The meaning of being on a waiting list varies among states. Some states determine whether a person meets waiver eligibility requirements before adding the person to a list, while others maintain broader lists that can include people who have not undergone a complete eligibility determination. People waiting for waiver enrollment may also receive Medicaid state-plan services, although those services may not provide the same amount, scope, or duration of HCBS.

Because state practices differ, national waiting-list totals are not standardized measures of unmet need. MACPAC has described waiting lists as an imperfect proxy for unmet HCBS need while also finding that their existence can indicate insufficient state capacity. Differences in screening practices also complicate comparisons among states.

In 2024, 40 states reported waiting lists for Section 1915(c) and Section 1115 HCBS waiver programs totaling an estimated 710,000 people. The average reported waiting time was 40 months, although it varied substantially by population; people with intellectual and developmental disabilities waited an average of 50 months. Because the underlying survey combines some Section 1915(c) and Section 1115 waiting lists and states use different screening practices, the figures do not represent a standardized count of people determined eligible for Section 1915(c) services.

Federal regulations adopted in 2024 will require states with capped Section 1915(c) enrollment to report annually on their waiting lists. Required information includes whether eligibility is screened before people are added, whether and how often people are rescreened, the number of people waiting, and the average length of time newly enrolled participants spent on a waiting list. States must comply with these reporting requirements beginning July 9, 2027.

== HCBS Settings Rule ==
In 2014, CMS adopted regulations establishing federal standards for settings in which Medicaid HCBS may be provided. The HCBS Settings Rule shifted federal policy away from defining community-based settings primarily by their locations or physical characteristics and towards the nature and quality of participants' experiences.

Under the rule, qualifying HCBS settings must support access to the broader community; opportunities for employment and community life; control of personal resources; and individual choice regarding services and providers. The regulations also establish protections concerning privacy, dignity, respect, autonomy, freedom from coercion and restraint, and person-centered planning.

Provider-owned or controlled residential settings are subject to additional conditions concerning privacy, control over schedule and activities, access to food and visitors, and physical accessibility.
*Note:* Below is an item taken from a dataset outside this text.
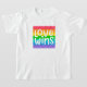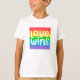 Cette oeuvre d'art présente un arc-en-ciel coloré avec les mots Love Wins.
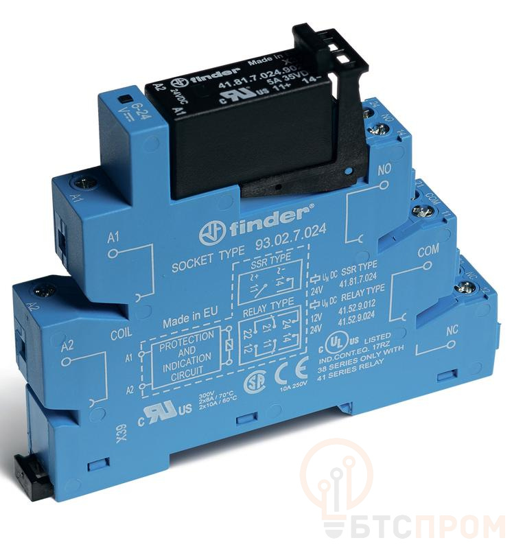 Модуль интерфейсный (сборка 41.81.7.012.8240 + 93.02.7.024) твердотельное реле выход 3А (240В AC) 24В DC IP20 винт. клеммы FINDER 383170248240

Modifications to certain requirements must be based on a specific assessed need and documented in the individual's person-centered service plan.

States were required to evaluate settings receiving Medicaid HCBS funding and develop transition plans for programs that did not fully meet the federal standards. Implementation occurred over an extended transition period.

== Access and administration ==
Access to HCBS can depend on factors beyond formal waiver eligibility and enrollment. Section 1915(c) programs rely on direct-care workers and other providers to deliver authorized services, and shortages in the HCBS workforce can reduce the ability of Medicaid programs to provide services in homes and communities.

Because states design and administer their own waiver programs within federal requirements, eligibility criteria, covered services, enrollment limits, and waiting-list procedures vary among states and among waivers within the same state. The availability of particular waiver services can therefore differ according to where a beneficiary lives and which waiver population the person qualifies for.

The use of multiple Section 1915 authorities also creates administrative complexity for state Medicaid programs. In 2025, MACPAC identified differences in federal requirements across HCBS authorities as a source of administrative burden and recommended extending the renewal period for Section 1915(c) waivers and targeted Section 1915(i) state-plan amendments from five to ten years.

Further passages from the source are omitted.